Entertainment

Reese Witherspoon Is Our Live-Action Tinker Bell

by Kadeen Griffiths

I've made no secret of the fact that Peter Pan is one of my favorite Disney movies, for all the flaws inherent in the 1953 film. When the news hit that Reese Witherspoon will be playing Tinker Bell in a live-action Disney movie, however, I discovered that there is, in fact, a way to ensure that I love the Peter Pan mythos even more. Despite the existence of the Disney Fairies film franchise that follows the computer-animated adventures of Tinker Bell and her friends in Pixie Hollow, most Peter Pan adaptations wouldn't dare to phase out the actual shining star of Neverland. When you hear Peter Pan, you think immediately of Peter Pan and Captain Hook as requirements, even if your favorite character is actually Tinker Bell. To borrow a phrase from Beauty and the Beast, it's a tale as old as time.

But Tinker Bell. In stark contrast to her portrayal in the Disney Fairies franchise, the original Tinker Bell of '53 was kind of a huge jerk. She was vain, pausing in her search for Pan's shadow in the Darling nursery to check out her hair and hips in a hand mirror. She was viciously jealous, yanking Wendy's hair to keep her from kissing Pan and then instructing the Lost Boys to shoot Wendy out of the sky before she could safely land in Neverland. She was petty, as evidenced when Captain Hook managed to manipulate her into telling him where Peter Pan's hideout was in exchange for taking Wendy and the Darlings and sailing them away from Neverland when he left. Tinker Bell was no hero, is my point.

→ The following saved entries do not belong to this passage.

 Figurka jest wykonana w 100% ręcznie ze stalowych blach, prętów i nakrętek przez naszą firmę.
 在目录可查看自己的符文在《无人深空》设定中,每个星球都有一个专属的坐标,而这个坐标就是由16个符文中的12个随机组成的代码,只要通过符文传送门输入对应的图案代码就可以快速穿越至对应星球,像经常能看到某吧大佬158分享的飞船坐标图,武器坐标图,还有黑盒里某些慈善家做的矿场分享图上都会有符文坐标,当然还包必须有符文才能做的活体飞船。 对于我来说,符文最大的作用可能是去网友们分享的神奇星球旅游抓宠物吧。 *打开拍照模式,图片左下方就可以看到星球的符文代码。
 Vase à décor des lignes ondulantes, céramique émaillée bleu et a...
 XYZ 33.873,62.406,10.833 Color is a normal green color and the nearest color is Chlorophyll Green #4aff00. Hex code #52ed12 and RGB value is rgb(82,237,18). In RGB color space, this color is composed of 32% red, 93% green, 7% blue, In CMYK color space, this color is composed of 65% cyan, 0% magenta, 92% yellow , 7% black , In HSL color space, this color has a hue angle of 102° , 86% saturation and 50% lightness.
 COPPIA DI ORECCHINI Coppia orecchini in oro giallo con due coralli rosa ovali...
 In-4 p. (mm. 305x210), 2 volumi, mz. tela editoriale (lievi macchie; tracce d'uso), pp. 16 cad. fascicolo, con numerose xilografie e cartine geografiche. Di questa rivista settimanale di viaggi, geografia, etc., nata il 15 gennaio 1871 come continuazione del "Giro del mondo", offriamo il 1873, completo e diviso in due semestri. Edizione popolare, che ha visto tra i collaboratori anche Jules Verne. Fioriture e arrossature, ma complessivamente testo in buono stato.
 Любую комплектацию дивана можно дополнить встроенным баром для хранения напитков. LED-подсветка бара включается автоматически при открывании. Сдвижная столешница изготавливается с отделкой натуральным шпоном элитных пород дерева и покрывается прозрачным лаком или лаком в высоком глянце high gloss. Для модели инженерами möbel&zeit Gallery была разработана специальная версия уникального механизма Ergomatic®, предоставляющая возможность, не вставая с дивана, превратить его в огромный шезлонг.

And yet, neither was Pan. Peter Pan was more vain than Tinker Bell was — this is the same boy that proudly proclaimed "lots of girls get [jealous] around me" in the sequel film. This was the same boy viciously jealous enough to kick all the Lost Boys out without saying goodbye for the simple crime of wanting a mother and a better home than one beneath a tree. This is the same boy who nearly let Wendy be drowned by mermaids ("They were just playing!"), and who chopped off a grown man's hand and fed it to a crocodile. (Whether or not that was justified still remains to be seen, but they've certainly had a volatile relationship ever since.) And yet, for all his faults, Peter is our hero, and he has been our hero across many adaptations and remakes.

But Tinker Bell — finally, through Witherspoon's project, which she is starring in and producing, it is Tinker Bell's time to shine. (Pun intended.) The thing that is fascinating about Neverland is that, in fact, there are about as many women in the film as there are men, even back in 1953. You had your Pan, your Hook, your Mr. Darling, your John, your Michael, and your Smee, but everyone else? Ladies. Mrs. Darling, Wendy Darling, Tinker Bell, Tiger Lily, and the entire population of mermaids. Ladies. If you add that to the fact that Peter Pan was traditionally portrayed on stage as a lady, the fact that so many remakes choose to focus on the boy and not a badass lady like Tinker Bell truly boggles the mind.

It was Tinker Bell's pixie dust that gave everyone who wasn't Peter the power to fly. It was Tinker Bell that drove as much of the conflict in the film as Captain Hook. It was Tinker Bell who saved Peter from getting blown up when he was too dumb to listen to her warnings about the ticking box. (It was also Tinker Bell's fault the box was there to begin with, but, hey, she admitted that, too.) Tinker Bell was a deeply flawed character, who felt everything that she felt very deeply — which J. M. Barrie explains in the book as being because fairies are so small that they can only feel one emotion at a time, and that emotion encompasses their entire being to the exclusion of all else. To me, that is more fascinating than the adventures of the Boy Who Would Not Grow Up.

So the fact that the live action Disney movie will be following in the footsteps of Maleficent, or, according to Hollywood Reporter, will be "'the story you don’t know,' and will offer a new perspective on the character" is so important. It's a Peter Pan tale that, for once, doesn't focus on trying to find some new angle with which to approach the Peter Pan mythos. It's a Peter Pan tale that gives the focus, the starring role, the attention to the breakout character and leading lady of the Peter Pan mythos. (Sorry, Wendy.) It's a Peter Pan tale that will add a depth and complexity to an anti-hero like Tinker Bell, a complexity that the 1953 film only hinted at, and that the Disney Fairies film eschewed in lieu of giving Tinker Bell a more heroic persona.

Basically, it's the Peter Pan film that we all deserve, and the former Elle Woods will be starring in it. Thank you, Hollywood. You did good.